#### Problem statement
When copying the records below, omit any image and print everything else exactly.

*** Begin section ***

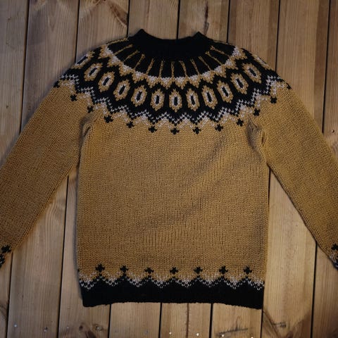 Myynnissä samasta langasta ja väristä myös islantilainen villapaita koossa S/M!
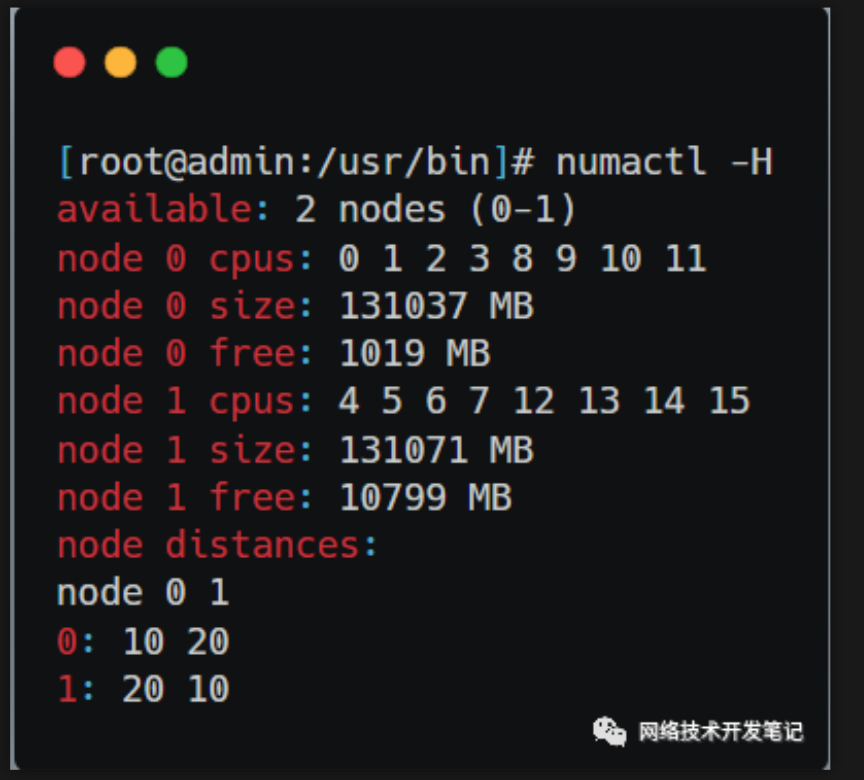 使用numactl -H命令可以看到NUMA下的内存分布:
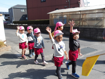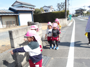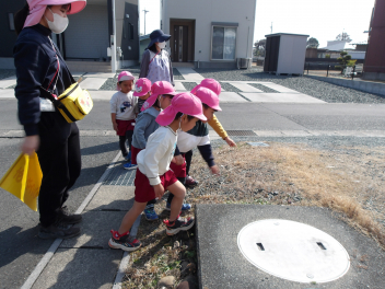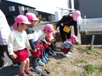 今日は暖かい日だったので年少うさぎ組が散歩に出かけました。
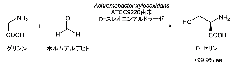D-セリンは、L-アミノアシラーゼを用いた酵素的光学分割法により合成されていた2,3)。N-アセチル-DL-セリンを調製し、L-アミノアシラーゼでL体のみを特異的に脱アセチル化する。次に、N-アセチル-D-セリンを分離精製し、脱アセチル化することでD-セリンを得ている。この方法は前述の通り、理論収率が50%と低く、多工程となってしまうため、経済性に優れているとは言い難かった。
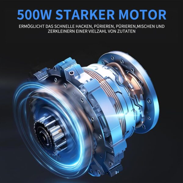 - 500- W- HOCHLEISTUNGSMOTOR& EDELSTAHLKLINGEN: Ausgestattet mit einem robusten 500- W- Motor und langlebigen Edelstahlklingen, erledigt diese Küchenmaschine Zerkleinerungsaufgaben im Handumdrehen und schneidet die Zutaten mühelos in Sekundenschnelle.
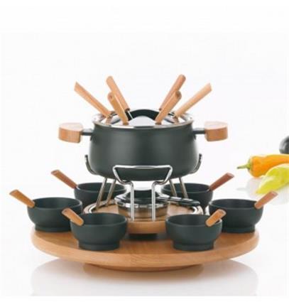 Luxus, elegáns fondue készlet zománc, rozsdamentes acél és fa kombinációjával, forgó tálaló alátéttel.

*** End section ***

#### Task result
 Myynnissä samasta langasta ja väristä myös islantilainen villapaita koossa S/M!
 使用numactl -H命令可以看到NUMA下的内存分布:
 今日は暖かい日だったので年少うさぎ組が散歩に出かけました。
D-セリンは、L-アミノアシラーゼを用いた酵素的光学分割法により合成されていた2,3)。N-アセチル-DL-セリンを調製し、L-アミノアシラーゼでL体のみを特異的に脱アセチル化する。次に、N-アセチル-D-セリンを分離精製し、脱アセチル化することでD-セリンを得ている。この方法は前述の通り、理論収率が50%と低く、多工程となってしまうため、経済性に優れているとは言い難かった。
 - 500- W- HOCHLEISTUNGSMOTOR& EDELSTAHLKLINGEN: Ausgestattet mit einem robusten 500- W- Motor und langlebigen Edelstahlklingen, erledigt diese Küchenmaschine Zerkleinerungsaufgaben im Handumdrehen und schneidet die Zutaten mühelos in Sekundenschnelle.
 Luxus, elegáns fondue készlet zománc, rozsdamentes acél és fa kombinációjával, forgó tálaló alátéttel.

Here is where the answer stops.